Top of Information shown

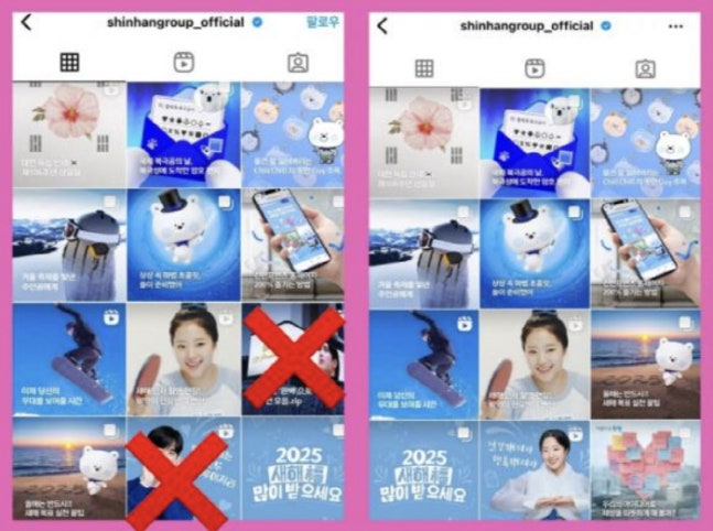 왼쪽은 기존 인스타, 오른쪽 오늘(13일) 인스타..(사진=커뮤니티)신한금융그룹은 지난해 6월 자산관리 브랜드 모델로 배우 김수현을 발탁하면서 신한금융그룹 베트남까지 그룹 브랜드 앰배서더로 기용했다. 신한금융의 그룹사 대표 모델 기용은 13년 만에 처음으로, 화제를 모은 바 있다. 김수현과 신한 프리미어 자산관리 사이에 광고 계약 기간이 아직 남아있는 상황으로 알려졌다.또한 어제까지 지켜본다던 대형 유통사 홈플러스도 어플 첫 화면에 뜨는 김수현 전신을 담은 메인 사진을 삭제한 상태다. 현재 회사 해체 위기 속에 '홈플런' 행사에 사활을 걸고 있던 홈플러스는 모델 리스크까지 겹쳐 제대로 된 홍보도 하지 못하는 상황이 됐다.
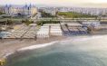 Собствен, пясъчно - чакълест. До плажа се стига посредством подземен тунел. Чадъри, шезлонги и плажни кърпи на плажа и при басейна – безплатно.
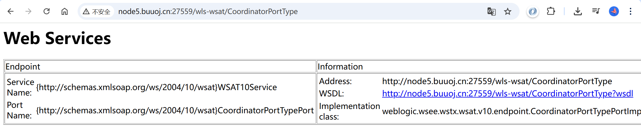 2、初步判断:访问 http://node5.buuoj.cn:27559/wls-wsat/CoordinatorPortType,存在下图则说明可能存在漏洞。
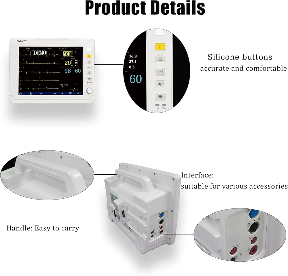 Animal-dedicated accessories improve usability, including veterinary ECG clips, tongue-type SpO2 sensors, multiple cuff sizes for blood pressure measurement, and temperature probes. The optimized system ensures stable operation and reliable data display, making it a practical and cost-effective solution for veterinary professionals.
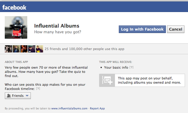 Facebook has been abuzz in the last few days with this moronic “Influential Albums” quiz, which users must hand over their personal information in order to take, and then watch as the app automatically posts the results on their wall. Strike one. Also, the 100 albums deemed “influential” are nearly all rock. Strike two. Finally, the mere existence of a list purporting to encompass the 100 most “influential” albums with the implication that if you don’t own these albums you are a substandard music listener is total bullshit and everyone knows it and I feel stupid even getting worked up about it because that’s what these trolling lists are designed to do in the first place but fuck it. Strike three. You know what your most influential albums are? ALL THE ALBUMS YOU OWN, HOLMES. (That’s coming from someone who owns a lot of these albums.)
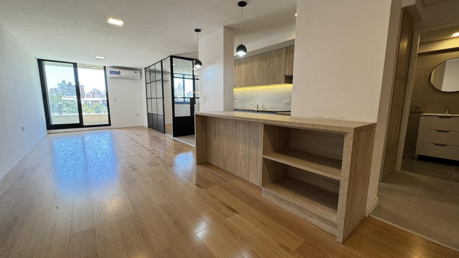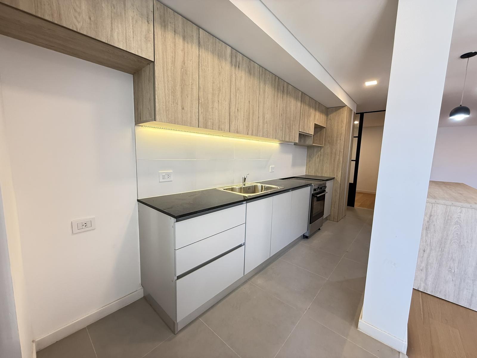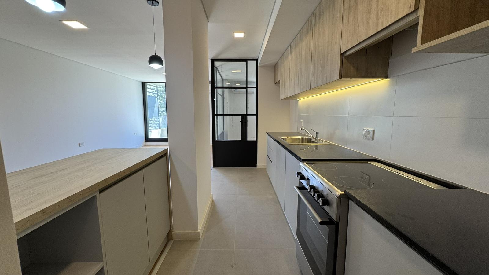 Unidad ELECTRICA.Equipada con aire acondicionado y luminarias led.Calefon y cocina electrica con horno y hornallas de vitroceramica. Muebles de cocina de primera calidad.Pisos flotantes melaminicos en estar y dormitorio.Mesada de granito y bacha de acero inoxidable.Portero electrico con visor y cerradura electronica con huella digital.Placares con interiores completos.Aberturas con DVH.Superficie exclusiva: 95 m2.Orientacion: Norte.
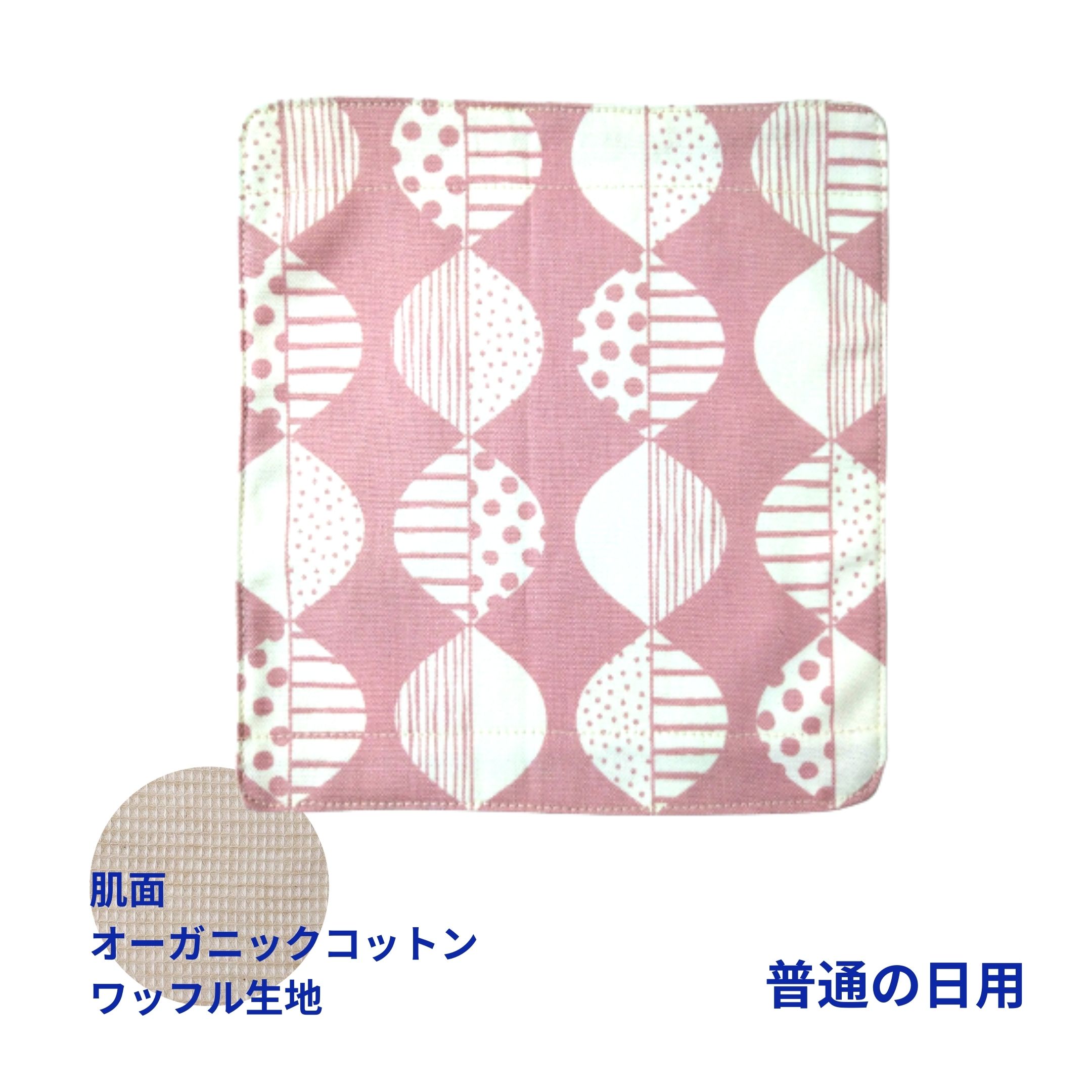 布ナプキン・ハンカチタイプです。(昼用・普通サイズ)三つ折りにしてご使用ください。ホルダーに挟んでのご使用をおすすめいたしますが、単品使用も可能です。肌にふれる部分はオーガニックコットンのワッフル生地。柄の布地は内部になります。<素材>外側(ショーツ側):コットン内側(肌側):オーガニックコットン吸収体(内部):オーガニックコットンフランネル糸:オーガニックコットン糸 <サイズ>縦:約20cm/横:約18cm*生地の裁断箇所により写真と柄が異なる場合がございますので、ご了承くださいませ。

Bottom of Information shown

Exercise — Make an exact copy of the records from their first line through the line containing "2、初步判断:访问 http", both ends included, with the pictures omitted.

Solution below —
 왼쪽은 기존 인스타, 오른쪽 오늘(13일) 인스타..(사진=커뮤니티)신한금융그룹은 지난해 6월 자산관리 브랜드 모델로 배우 김수현을 발탁하면서 신한금융그룹 베트남까지 그룹 브랜드 앰배서더로 기용했다. 신한금융의 그룹사 대표 모델 기용은 13년 만에 처음으로, 화제를 모은 바 있다. 김수현과 신한 프리미어 자산관리 사이에 광고 계약 기간이 아직 남아있는 상황으로 알려졌다.또한 어제까지 지켜본다던 대형 유통사 홈플러스도 어플 첫 화면에 뜨는 김수현 전신을 담은 메인 사진을 삭제한 상태다. 현재 회사 해체 위기 속에 '홈플런' 행사에 사활을 걸고 있던 홈플러스는 모델 리스크까지 겹쳐 제대로 된 홍보도 하지 못하는 상황이 됐다.
 Собствен, пясъчно - чакълест. До плажа се стига посредством подземен тунел. Чадъри, шезлонги и плажни кърпи на плажа и при басейна – безплатно.
 2、初步判断:访问 http://node5.buuoj.cn:27559/wls-wsat/CoordinatorPortType,存在下图则说明可能存在漏洞。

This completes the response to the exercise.